We walked to my new school. I put my hand close to Mother’s and helped to push the stroller. At the gate, she straightened my dress and looked at the kids playing. “As long as there are ashes and dust, orphans will be born.”
“What’s that mean?”
“One of your grandfather’s sayings, I suspect he was trying to sound Biblical. You’ll understand when you’re older. Daddy will be waiting right here, at two-thirty.”
The orphans tore around the schoolyard in ragged clothes. Up close they smelled musty. Five boys in a circle played jacks and laughed loudly; boys snatched orphan girls’ jump ropes and threw them on the ground. A tall boy zipped his jacket around his head and ran at me, flapping his arms and growling. His bony face poked out of the hole, the jacket fell down his back like green monster hair. His face was how I’d recognize him later, in nightmares.

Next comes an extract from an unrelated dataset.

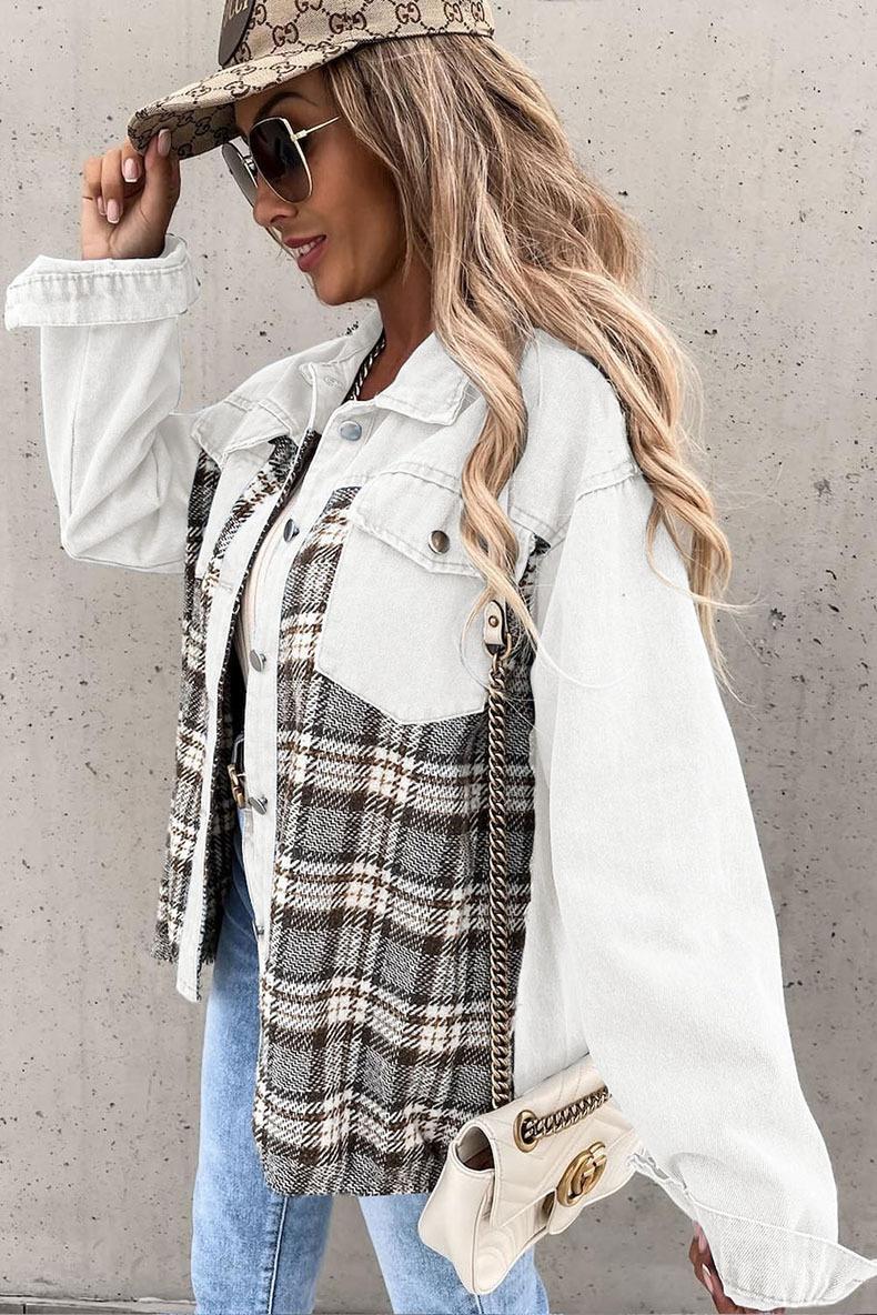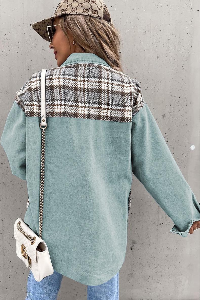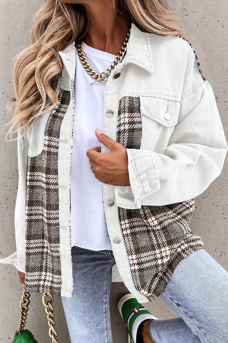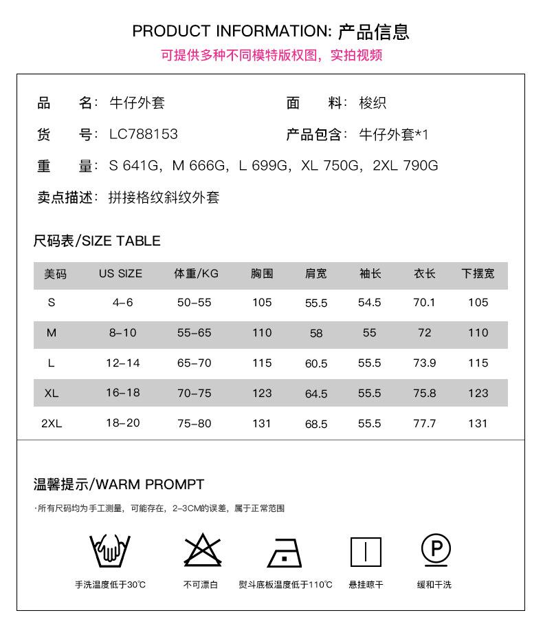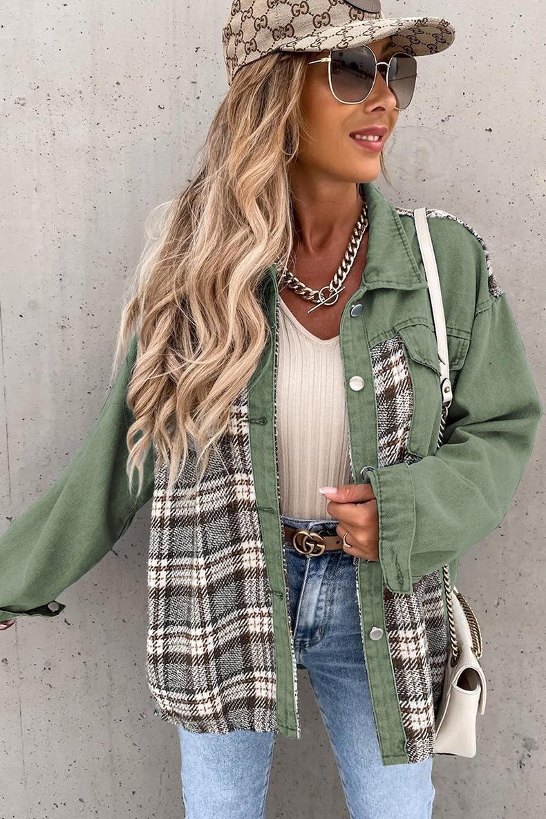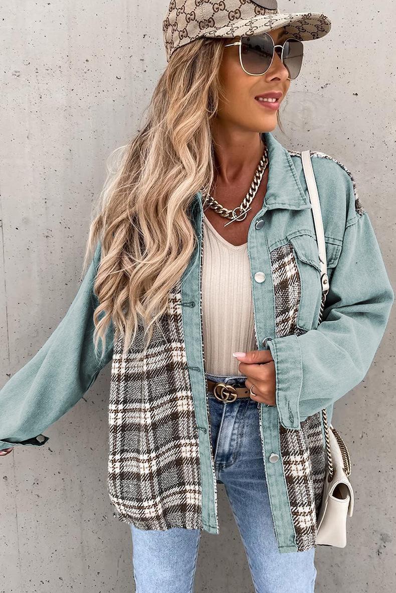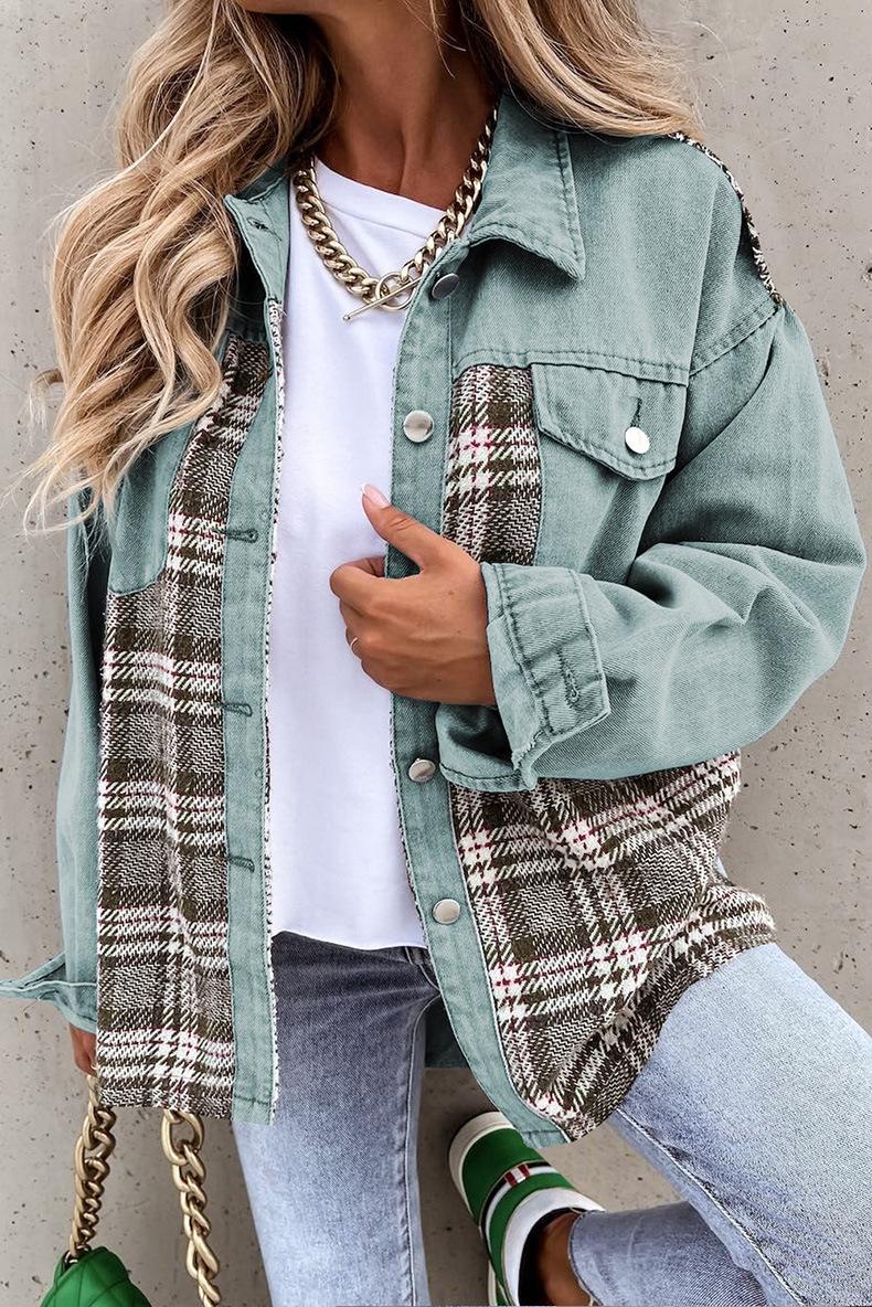 | Chaqueta vaquera de sarga a cuadros con parches para mujer europea y americana, nueva chaqueta informal holgada de manga larga de Amazon 788153 |

I jumped hard on the water fountain pedal to make water shoot out. A grate covered a hole by the fountain. At the bottom, a soggy sweater and dirty underpants. The bell rang. The first day of first grade.
At recess a skinny boy worked two yo-yo’s at once. My string always stayed limp and the yo-yo dangled. I complimented his yo-yo tricks and asked why he lived in the orphanage. Did his parents die? Maybe they didn’t love him? His face went blank and he walked away.
In the hall an orphan girl grabbed the front of my dress. “Meet me outside, after school. I’m gonna beat you up.” She stuck her dirty fists in my face. She sat across from me in class and tried to kick me. But I hadn’t done anything to her. I’d have to fight. I didn’t know how.
Finally the end-of-school bell rang. Daddy stood at the gate. I grabbed his hand. The girl ran past, pretending not to see me, turned and shook her fists in the air. The inside of my head buzzed.
“Don’t worry,” he said. “That girl’s angry, probably jealous of you.”
Knowing why the girl was jealous didn’t stop my brooding about orphans.
My fixation on orphans began in first grade when I began wondering. Were the grown-ups nice to the kids? What happened to their parents? What did an orphanage look like? Did the kids fight? Were the grown-ups nice? Enough bath tubs and good food to go around? At school their laughs sounded screechy, and they hardly smiled. Were they happy?
I had questions about psychological survival and physical survival. When I grew older I learned there were many routes to becoming an orphan. And I learned more about physical and psychological survival.